"And when it rains on your parade, look up rather than down. Without the rain, there would be no rainbow."
Gilbert K. Chesterton
Rain.
Some people hate rain. I mean I guess I cannot blame them. Rain does sometimes seem to come at less than ideal times. Take for example a day at the beach... there's nothing worse than seeing looming rain clouds in the sky on what was meant to be the perfect day.
However, I like the rain. In fact, I love the rain.
It is wet, and usually cold. It is invigorating to say the least.
Rain makes me feel.
Alive.
I love the feel of rain on my skin. I love the feel of rain on my face. I usually have those moments where I think, Crap! My mascara! But then again I usually don't even care.
One day during fall semester of my Junior year when I was feeling particularly lonely, empty, and lost, it started to rain. I walked to the window in my apartment and put my hand to the glass. I closed my eyes and the next thing I knew I was flying down the staircase running straight out into the rain. I threw my hands up into the air as if to ask the clouds to aim every last rain drop at me. I stood there for the longest time my face to the sky letting the rain fall onto my face, and the rest of me. It was the first time since I arrived at school that I felt truly alive. I started to cry. I cried tears of frustration, hurt, guilt, and pain. It was hard to tell which drops were rain and which were tears. But it didn't matter. And then I did something that I never would have expected... I started to laugh.

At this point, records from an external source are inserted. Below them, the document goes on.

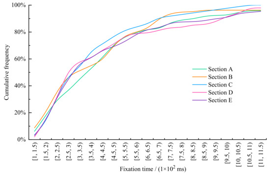 Some studies on driver’s fixation time threshold showed that the fixation time should not be less than 100 ms [27], while others claimed that the minimum fixation time should be at least 200 ms [28]. Hence, it is necessary to investigate the reasonable threshold range of the fixation time in different sections of urban underpasses to improve the safety at their entrance. Figure 7 shows the cumulative frequency of fixation time in different sections.
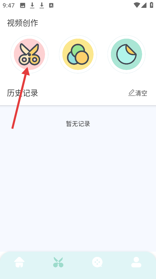 1、点击底部【剪刀】图标,进入视频创作板块。
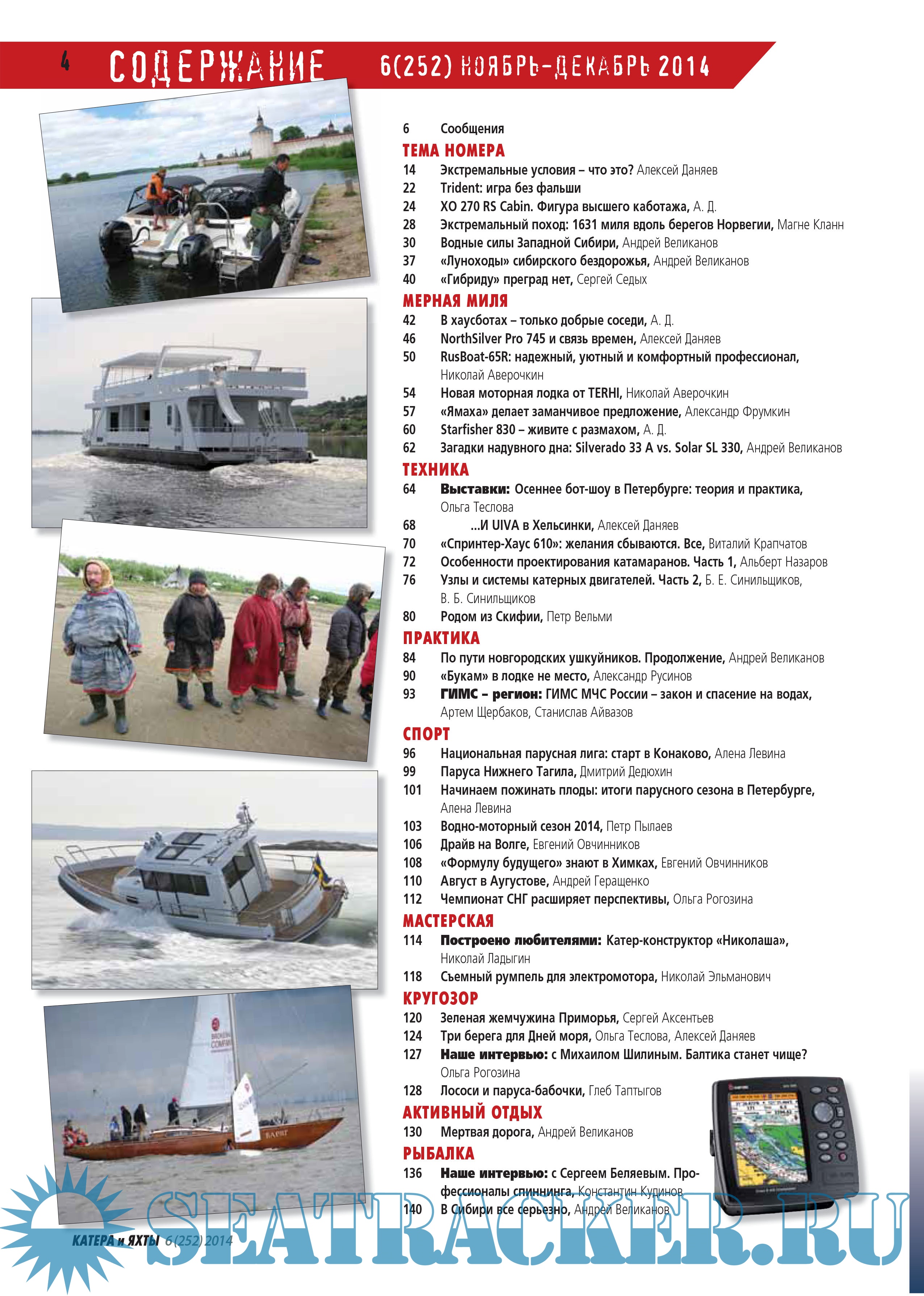 Журнал «Катера и Яхты» расчитан на широкий круг любознательных читателей. Среди них спортсмены, конструкторы, судостроители, составляющие давний круг наших постоянных авторов, которые на страницах журнала раскрывают свои секреты, делятся опытом, публикуют свои проекты. И еще более широкий круг - это любители, чьи интересы географически связаны с водными пространствами, кого всегда привлекала романтика путешествий, кто мечтает о покорении морей и океанов, спортивных рекордах, интересуется историей и традициями мореплаванью в России, морскими приключениями, спортивными соревнованиями у нас и за рубежом.
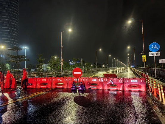 受台风“苏拉”影响,9月2日0时,外海大桥实施封闭交通管制。当日市区公路事务中心正在外海大桥封闭中山岸时,一位车主和家人冒着大风淋着雨,焦急万分上前求助。
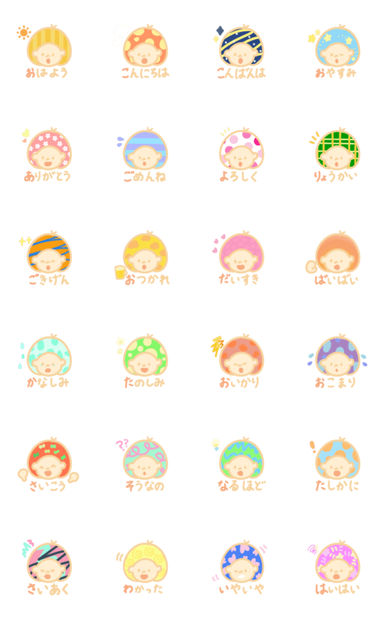 カラフルなマッシュルームヘアーのこ の動くスタンプです。文字に合わせてぱくぱくと口が動きます。たくさん使ってもらえますように #カラフル #おはなし
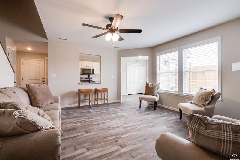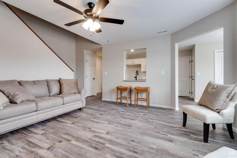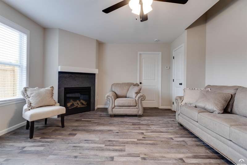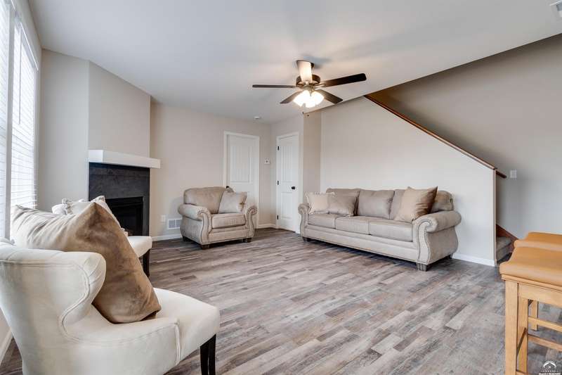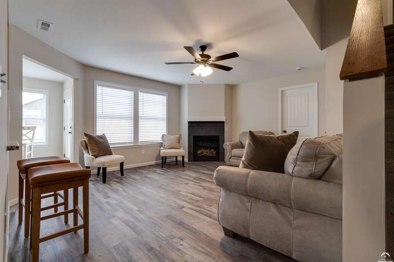 Sharp floor plan with the primary bedroom on the main floor, with a safer room. Beautiful living room fireplace. Granite countertops throughout. HOA of $800 a year takes care of lawn mowing and snow removal of 2" or more. All room sq ft is approximate. Taxes are estimated based on the sales price. Interior photos are from another townhouse with the same floor plan.
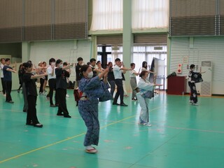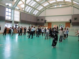 長岡まつりの民踊流しに参加するため、講師の指導のもと、日本人学生、外国人留学生、教職員が練習に励んでいます。異文化交流を深め、地域との絆を強めるこの活動は、参加者全員にとって貴重な経験となっています。
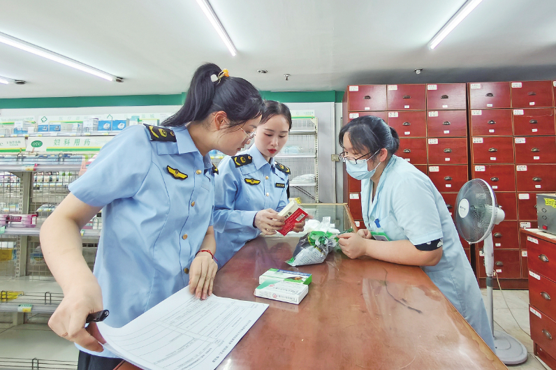 图为7月20日,执法人员在城区一药店进行检查。
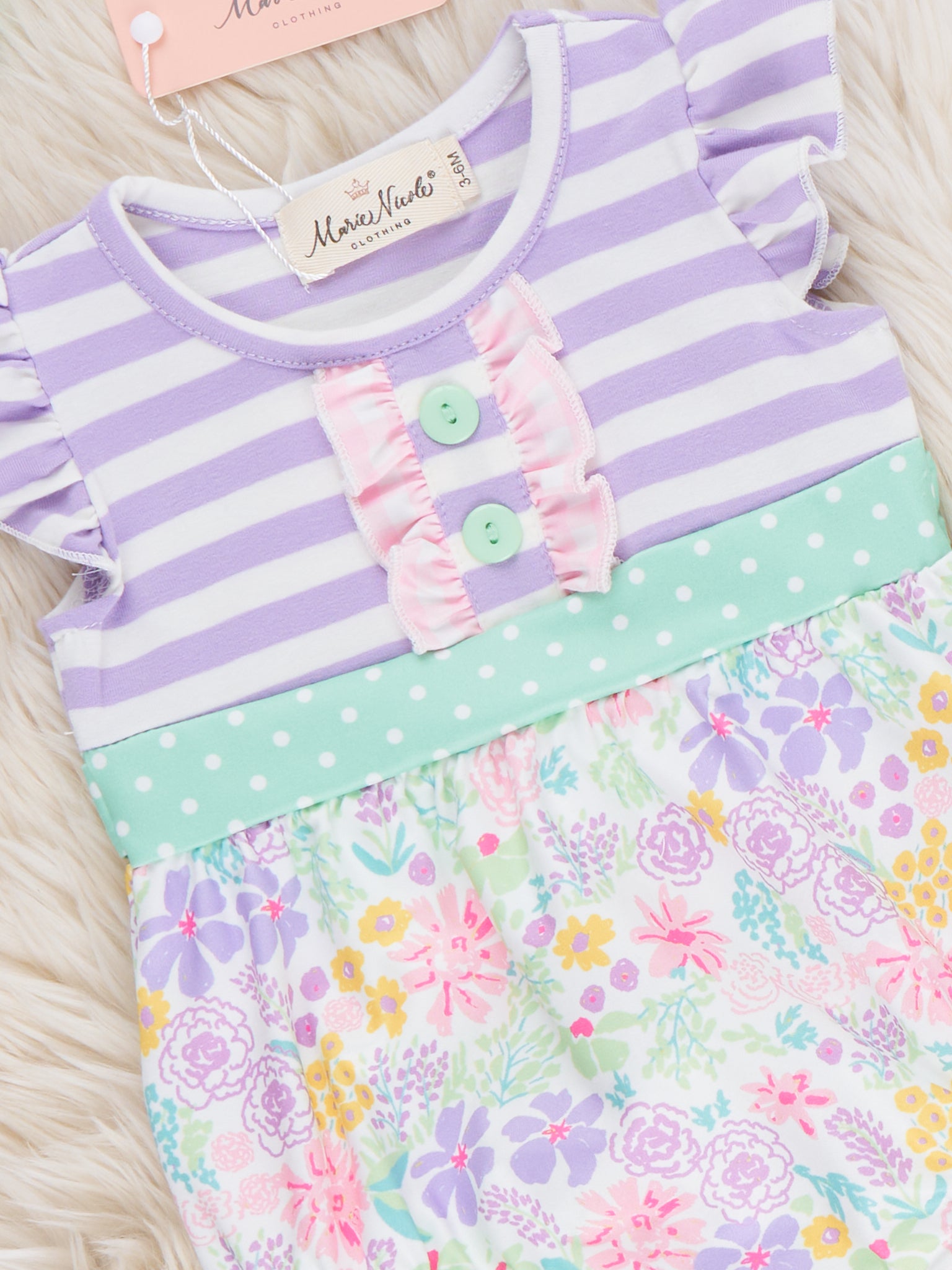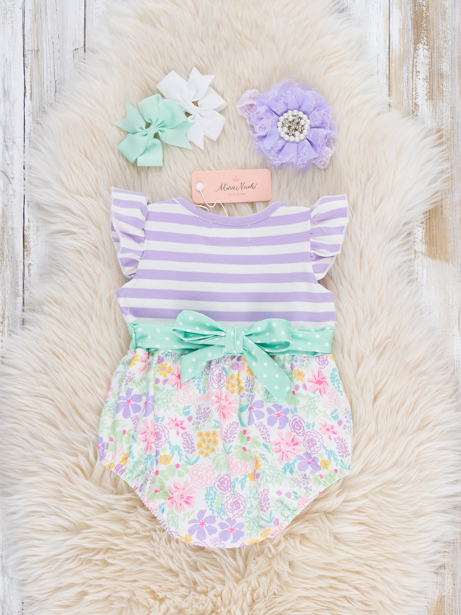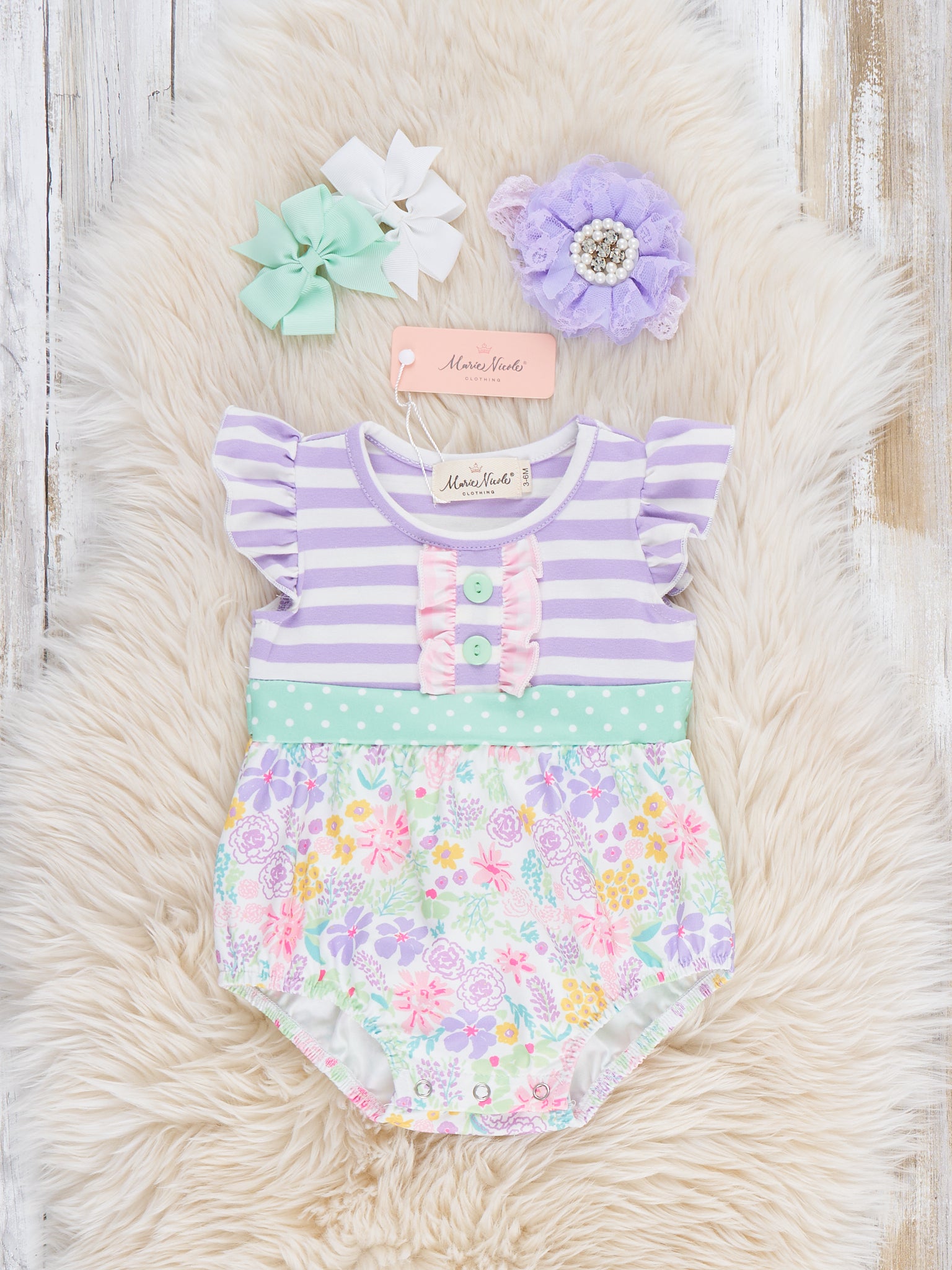 The Springtime Petals & Stripes Ruffle Bubble by Marie Nicole Clothing blends flutter sleeves, a softly gathered floral bubble, and a sweet contrast waistband for extra charm. Stretchy leg openings and snap closures make changes quick and comfy, creating an adorable one-piece outfit perfect for playdates, garden strolls, and spring photo moments.

I had been tormented by so many things up to that point and I was a basket case trying to keep myself in check and act normal for my own sanity and for the sake of my friends and the people I came into contact with.
It was that day of rain that I started to heal.
Rain reminds me to live.
Rain reminds me to breathe.
Rain reminds me to smile.
So every time it rains I look to the sky and whisper, "Thank you, thank you for sending the rain."